For the past three years I have be put in a residential treatment center for six & a 1/2 months, then locked up for six days in DT, then sent to live with my grandpa for 8 1/2 months, then lock in DT for another six days and then put in O&A for 56 days. I have had a problem with tobacco for those three years. I always wanted my mom to stop smoking. Then I find myself doing the same. This time in O&A is my last chance to prove to my judge that I can follow rules and stay out of trouble. I have also had a problem with anger and swearing and arguing with my mom. My mom was beet every day of the week when she was married to my dad. If she did not clean how he wanter her to he would beat her. If she was pregnant & was exghausted and did not jump for him he would beat her again. My dad has never been a part of my life and he has always depended on girls to pay his way he can't even keep a job for more than a month and he is wanted. I believe if I had a dad that it would help out a lot with my anger. Also I would have someone that knows what I am going through to talk to.

BB, age 16

My Dream Job-- a persuasive writing assignment

My dream job is Therapist

Dear Sarah, I am applying to become a therapist because that has always been my dream job ever since I first got into the system and realized people out there have life harder than I do.
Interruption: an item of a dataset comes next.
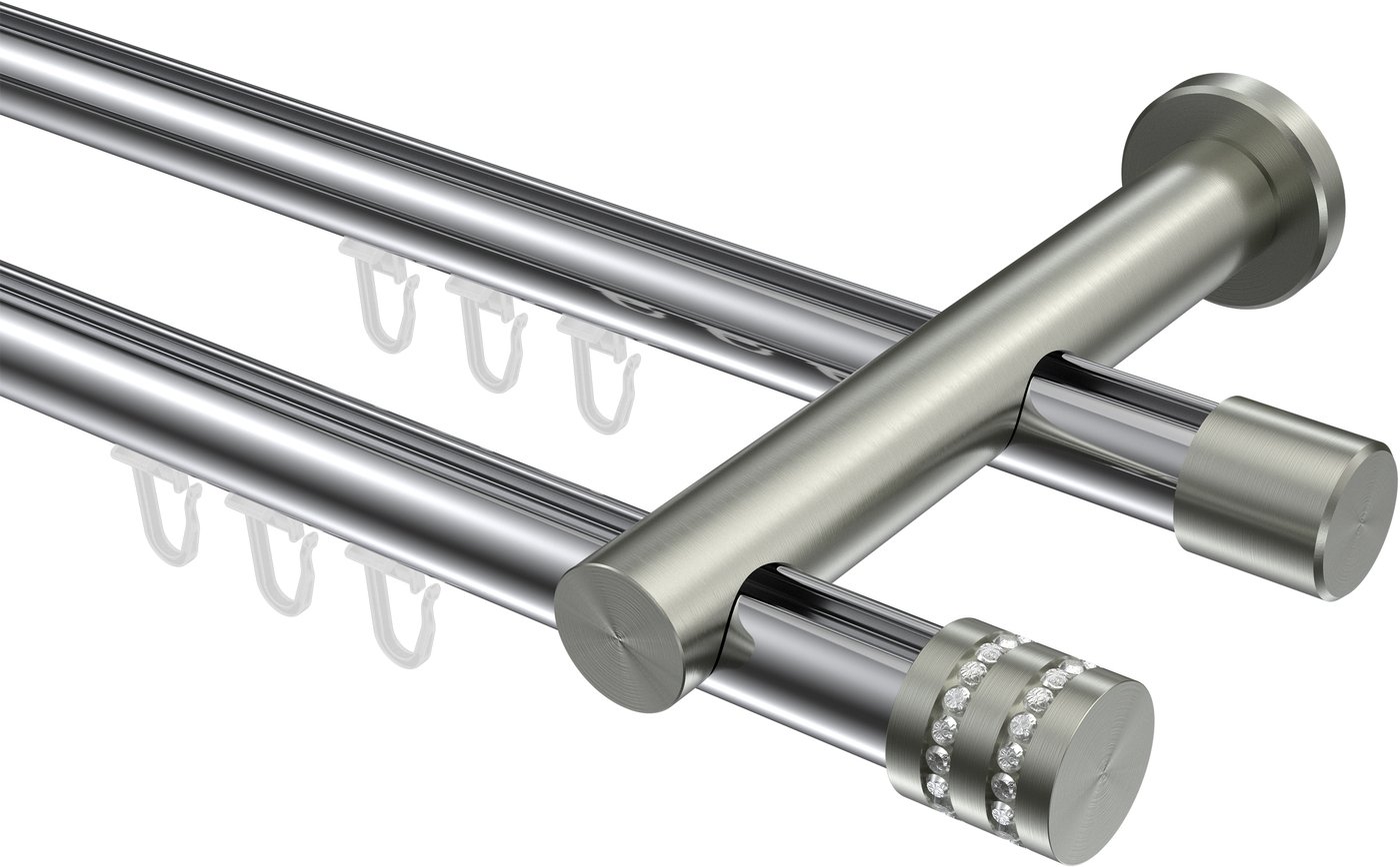 Gardinenstangen mit Innenlauf aus Aluminium / Metall in 20 mm Ø, 2-läufig, Modell PLATON - Estana Chrom / Edelstahl-Optik

My first program worked hard on my leadership skills because I was a mentor of my group of my girls had to go to me for their problems and I learned that I am really good at talking and supporting and helping people. No matter what the situation was I could help. So I feel like I would be a really good therapist because I have alot of experiences that I could probably relate to some experiences kids go through. I know what I have to do to get their, even though I am only in the 10th grade I can start on educating myself now. In one of my classes I am learning about how the brain works and about some of things that we do is because of how we use our brain. Which is stuff that I will have to know later in life when I persue my career but I know I will have to go to college for a couple of years but I feel like it will all be worth it. I will be able to change lives and I feel like it will all be worth it. I will be able to change lives and I feel like it will only make me stronger person to. Therapy has helped me alot in my life and I know it will help people that want it to help and I will be a support to them and understand them. So that is the career I want and I know that is some thing I am going to be good at.

SW, age 15

My Dream Job-- a persuasive writing assignment

My dream job is NCIS (naval criminal investigation service)

Dear Sarah, you shud hire me because I have had gun training I know governmen infermation & can hack, pick locks & have a gun permit.